Developed jointly by PwC Australia, the Australian Chamber of Commerce and Industry, and the Port of Brisbane, the Trade Community System will address a number of points and recommendations from the recently released Inquiry into National Freight and Supply Chain Priorities Report.
Ben Lannan, partner at PwC, said: “The Trade Community System proof of concept is the first stage in building an innovative end-to-end supply chain that will digitise the flow of trading information, improve connectivity for supply chain participants, reduce friction for business and reduce supply chain costs, providing unprecedented productivity gains for Australia’s international businesses. The port – whether sea or air – is the first and last point of domestic contact in the international supply chain, and is the primary point at which all significant supply chain participants converge. To grow Australia’s trade competitiveness, we need to look beyond our ports.”

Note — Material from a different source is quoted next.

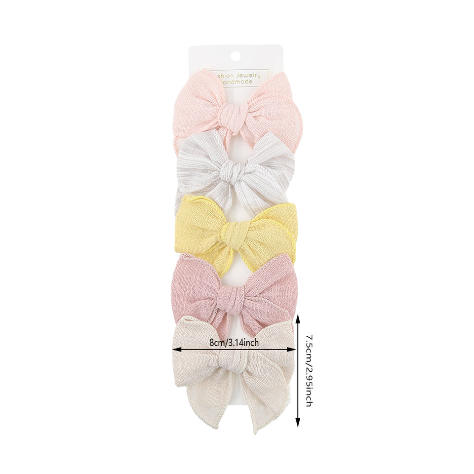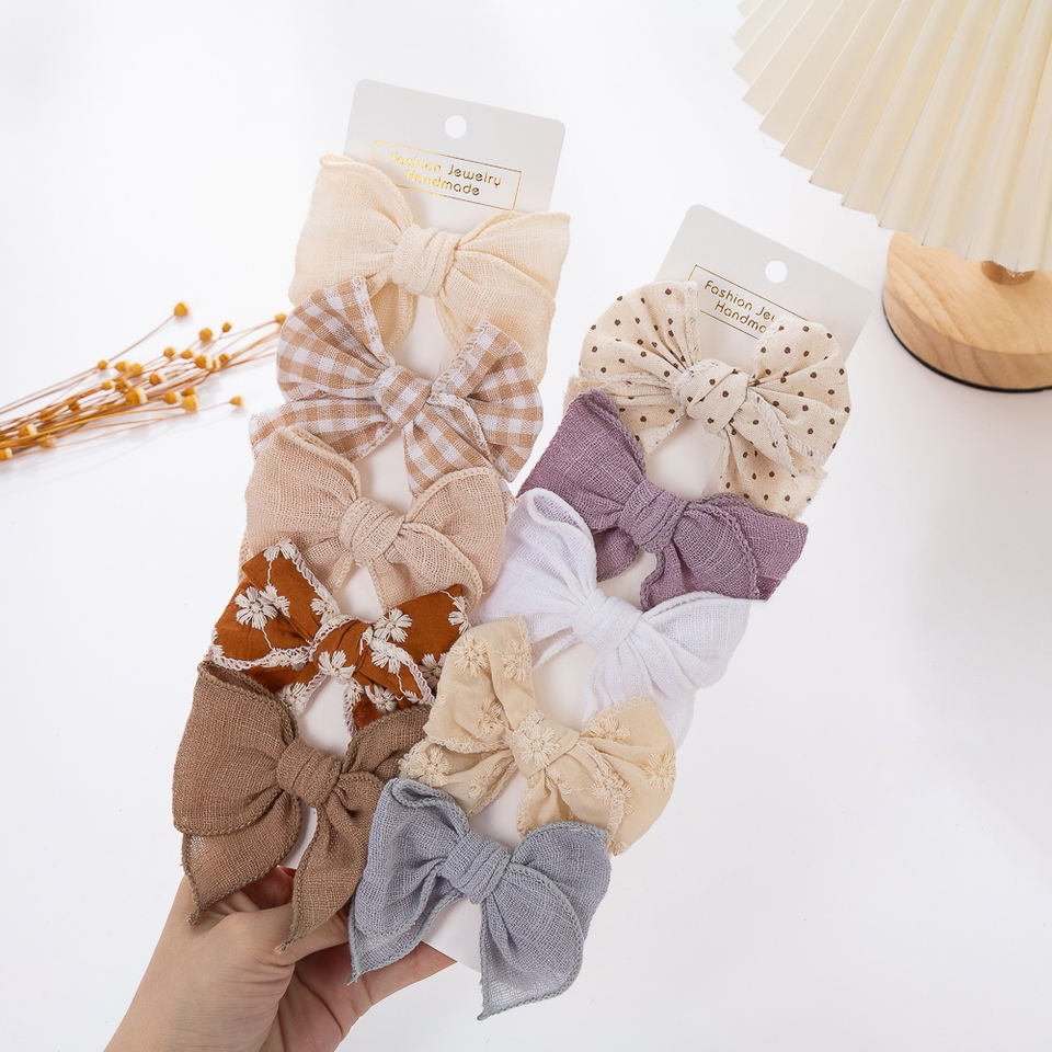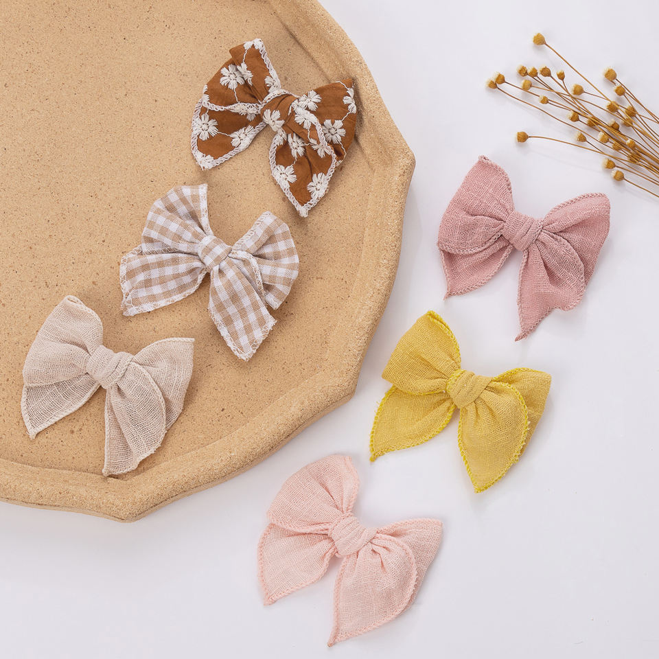 5 pièces fille nouveau-né doux Mini Fable arcs Clips imprime broderie coton lin mousseline bébé cheveux accessoires ensemble

Last month, a study by PwC blockchain specialist Alex de Vries suggested that the Bitcoin network’s global activity could account for approximately 2.55 gigawatts, almost the same level of power as the entire nation of Ireland. Furthermore, it says that the Bitcoin networks’ total energy usage may reach 7.7 gigawatts by the end of 2018, nearly as much as is consumed by Austria and 0.5% of the world’s total electricity expenditure.
de Vries said: “To me, half a per cent is already quite shocking. It’s an extreme difference compared to the regular financial system, and this increasing electricity demand is definitely not going to help us reach our climate goals.”